A while ago – it may even have been in the first season – I mentioned that Riki’s narcolepsy struck me as being something like a circuit-breaker –  a switch that trips whenever he gets too close to the truth.  I think the reality is somewhat more complicated than that, but I feel as if I got a piece of it with that observation – and the events at the close of last week’s episode (I heartily recommend you watch the readily available footage of Riki and Rin’s time in her Grandfather’s house which leads up to them – no real spoilers) seem to bear that out.  I do think Riki’s “fail-safe” switch tripped there, but it wasn’t so much the truth as the fact that he’d taken this train as far as it could go – there was no more track, the end of that spur line, with no rails to ride.

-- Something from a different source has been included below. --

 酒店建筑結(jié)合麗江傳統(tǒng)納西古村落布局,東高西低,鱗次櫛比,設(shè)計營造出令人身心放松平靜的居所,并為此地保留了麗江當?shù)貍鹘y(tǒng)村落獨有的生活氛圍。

Cue this episode – the 7th of the season, the 33rd of the series – and we find ourselves back on May 13, where it all started.  It’s clear enough that this is a new start, a reboot if you like – but just as clear that things are very different this time around.  I will say that more so than at any time during Little Busters’ run, I found myself genuinely confused about what was happening here, but I think that’s exactly how a new viewer is probably supposed to feel at this point of the story.  It’s at times like this that I remember that LB is a VN adaptation, and that we’re effectively in the same shoes as Riki – we see what he sees, and we know (and don’t know) only what he knows.  If Riki is confused, it’s only because he, like us, doesn’t have access to all the information – or at the least, has yet to put all of it together.

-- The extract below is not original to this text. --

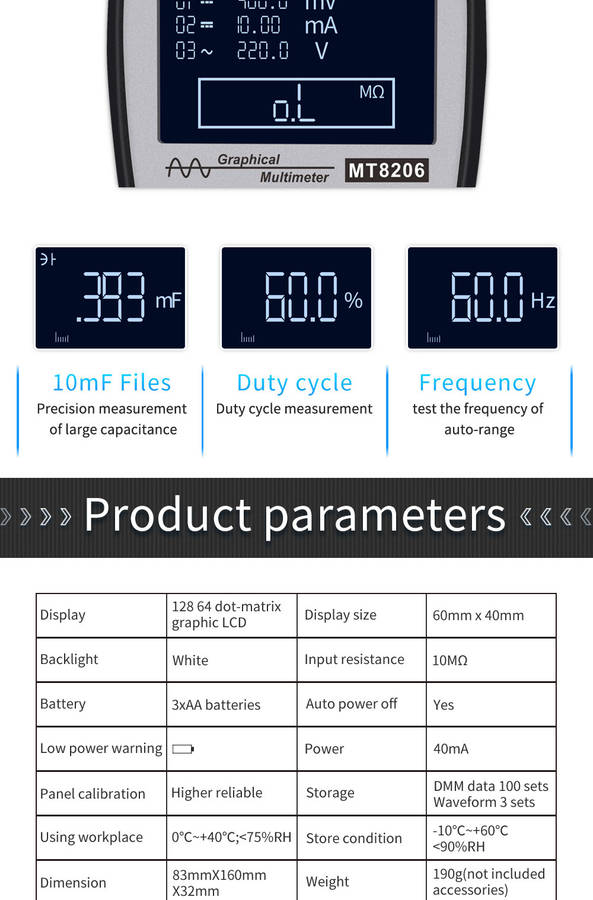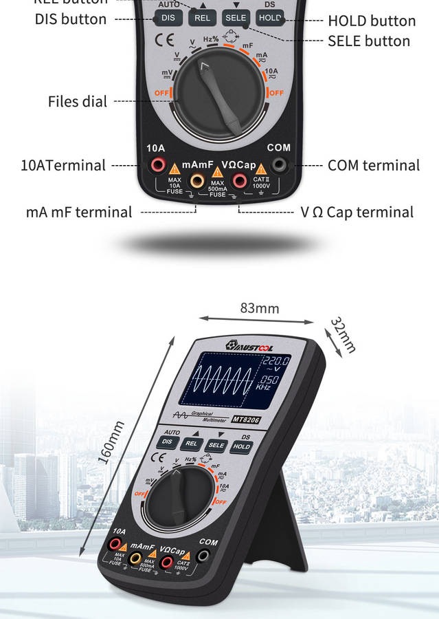 11.Featuring DC/AC voltage/current, resistance,capacitance/mF (large capacitance)

One approach one make take would be to encyclopedically list all the ways this episode differed from the first, but that doesn’t sound like much fun to me and my memory isn’t that good anyway.  So instead, I’ll say that what it felt like was a sort of photo-negative of that episode.  There were obvious similarities, but the emotions were completely flipped.  You began with “Kyousuke’s back!” – back after walking home from Tokyo (supposedly) where he was job-hunting (supposedly).  There are some interesting other similarities, too – Kyousuke spends much of his time reading manga in both cases, for example – but in the series premiere they’re gag manga and he’s constantly smiling, surrounded by other people.  Here, he reads somber dramas (“Have you ever been freed from everything?”) in silence in his darkened dorm room, refusing to come out.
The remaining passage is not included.